Defend the Constitution and Education Law:10,000 people rally

About 10,000 people from all over the country held a rally in Tokyo on March 26 to increase the struggle against the attempt to remove the war-renouncing provisions from the Constitution as well as democratic elements from the Fundamental Law of Education and to express their determination that the future of children and education must not be dark but hopeful.

Among the speakers were children who attended the United Nations session in Geneva on the Convention on the Rights of the Child in 2003 and revealed that the Japanese government's report to the UN failed to state the real condition of children in Japan.

High school teachers from Hokkaido attended the rally holding "orange handkerchiefs of happiness" with messages calling for better education. Tokyo teachers and parents waved yellow and green work gloves to express their wish to give children a better learning environment.

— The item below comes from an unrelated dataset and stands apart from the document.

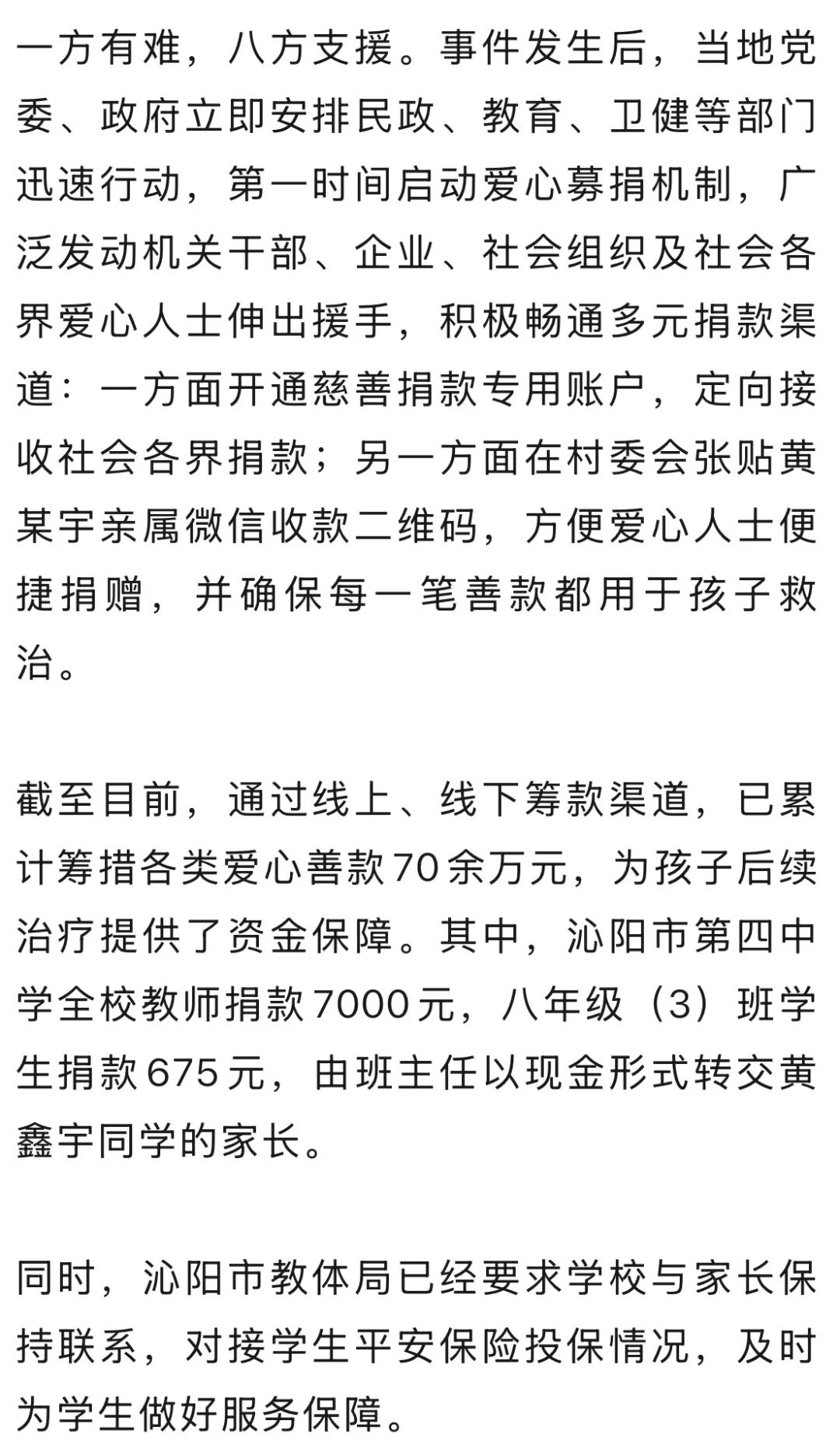 事发后,当地党委、政府高度重视、快速响应,统筹各方力量全力以赴开展医疗救治、帮扶救助与事件处置工作。为争取最佳治疗效果,4月12日,黄鑫宇已顺利转入北京市儿童医院重症监护室,目前生命体征平稳。4月 13日,北京市儿童医院组织多学科专家会诊,精准研判病情,制定下一步专项治疗方案。焦作、沁阳两级卫健部门工作人员,镇、村工作人员,已赶赴北京市儿童医院,帮助家属做好医院对接等工作,助力孩子康复。
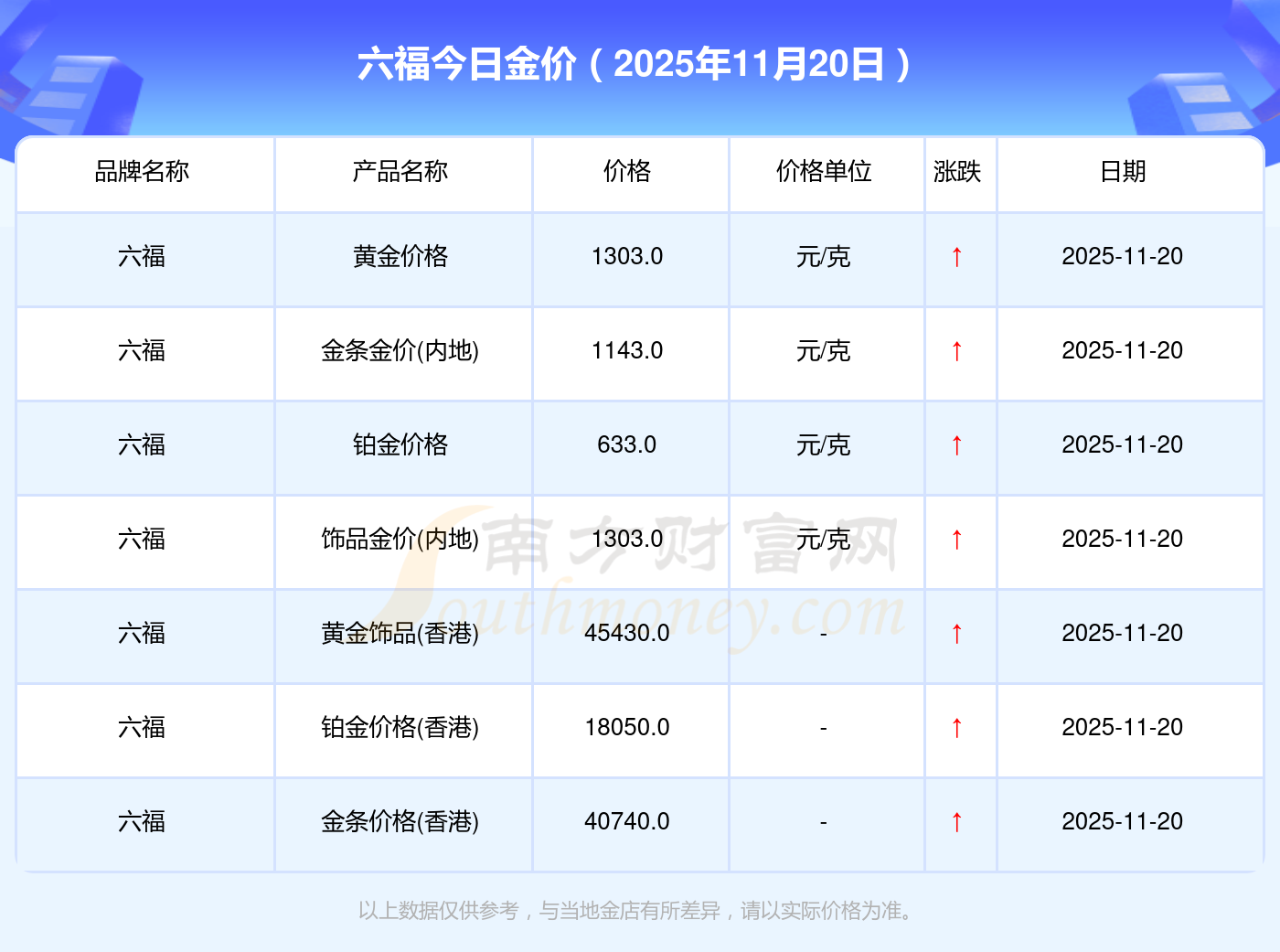現(xiàn)在六福黃金價格是多少錢1克_2025年六福今日金價是多少錢一克,最新六福查詢,2025年11月20日六福鉑金價格現(xiàn)在每克多少錢?最新六福鉑金價格報價公布,一起來看看吧!

Participants from Wakayama brought in a paper "peace dragon" with messages calling for peace.

Okudaira Yasuhiro, a jurist who took part in the start-up of the "Article 9 Appeal", in his speech referred to the Fundamental Law of Education's preamble "resolution to contribute to the world and welfare of humanity by building a democratic and cultural state," and called for the broadest possible cooperation in defense of the law.

Speeches were made by guests, including Norberto Liwski, Argentine representative to the UN Committee on the Rights of the Child, and Mayor Uehara Kimiko of Kunitachi City, Tokyo.

The rally was co-sponsored by the All Japan Teachers and Staff Union (Zenkyo), the National Network in Defense of the Basic Law on Education, and teachers unions with various affiliates.

Zenkyo chair Ishimoto Iwao called for further actions to defend and thoroughly implement the Constitution and the Basic Law on Education.

The rally started with the singing of the song "The Constitution's Preamble" by Kitagawa Tetsu, a skit performed by "The News Paper" comedy company on "unwilling to attend the school" pupils and "nervous teachers," and many other performances. (end)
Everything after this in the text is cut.